An end to the conflict and the dismantlement of the FARC military capacity would result in the removal of that terrorist designation from the FARC or its successor political organization.  Such an achievement would add one more absurdity to Washington’s continued designation of Cuba as a “state sponsor of terrorism.”

More: Financial Times puts these issues in a regional context, the Cuban government’s only public statement on the talks last September, and the White House’s September statement welcoming news of the talks.

Monday, October 15, 2012

Four years for Carromero

The sentence came down Monday: Spanish Partido Popular activist Angel Carromero, who drove the car that crashed and killed dissidents Oswaldo Paya and Harold Cepero, got four years for vehicular homicide (Los Angeles Times, Miami Herald). 

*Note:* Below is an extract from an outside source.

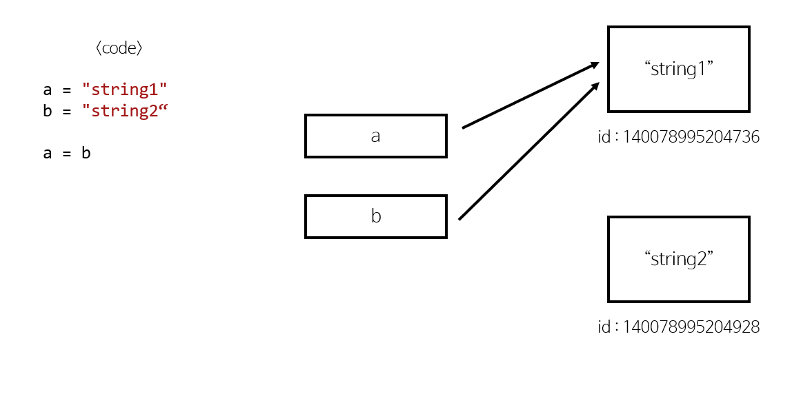 보면 다른 값이 할당되어있던 a와 b는 각각 다른 레퍼런스 값을 가지고 있었지만, b에 a의 값을 넣어준 뒤로는 레퍼런스의 값이 같아진 것을 볼 수 있습니다.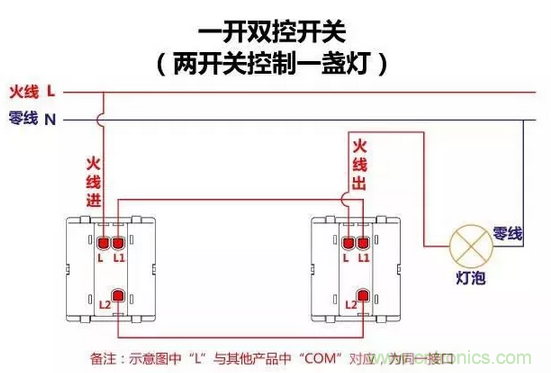 有的朋友說中間可不可以用雙聯雙控開關,也是可以的。不過雙聯開關上有兩個開關,需用同時按下。

El Pais reports that Spain’s foreign ministry “received the news with moderate satisfaction” and hopes to negotiate Carromero’s prompt return to Spain, possibly to serve all or part of his sentence there.  A 1998 accord between Spain and Cuba allows for convicts to serve their sentences in their home country when both governments agree.

Friday, October 12, 2012

Odds and ends

  • In Global Post, Nick Miroff on Cuba’s sigh of relief after last Sunday’s Chavez victory in Venezuela.
  • AFP: New data from the National Statistics Office (see public health section in right-hand column here) shows that consolidation and cost-cutting in the health sector are continuing.  There are 12,738 locations for health care delivery – including everything from the biggest hospital to the smallest one-doctor consultorio – 465 fewer than before.  There are 161 hospitals operating, 25 percent fewer than before.
  • Reuters on the foreign executives arrested apparently as part of an anti-corruption crackdown, awaiting charges for more than a year.
  • Scientific American: Looks like an opossum to me, but it’s called an almiquí, nocturnal and venomous, endemic to Cuba and thought to be extinct until a team of Cuban and Japanese researchers found a bunch out east in the Humboldt National Park between Moa and Baracoa. 
  • Granma: An investigation into last month’s massive blackout finds that the cause was human error at a time when operators were scrambling to handle peak demand.
  • Spain’s consul general in Havana attended the Carromero trial last week in Bayamo,  pronounced it “clean, open, and procedurally impeccable,” and said the accused was defended “very well.”  The BBC’s Fernando Ravsberg agrees, wrote down the defense lawyer’s name in case he ever needs a lawyer, and described the day-long session here.
  • One more from the BBC: as Cuba’s reform czar Marino Murillo visits Hanoi, the editor of BBC’s Vietnamese-language service on “What Cuba can learn from Vietnam.”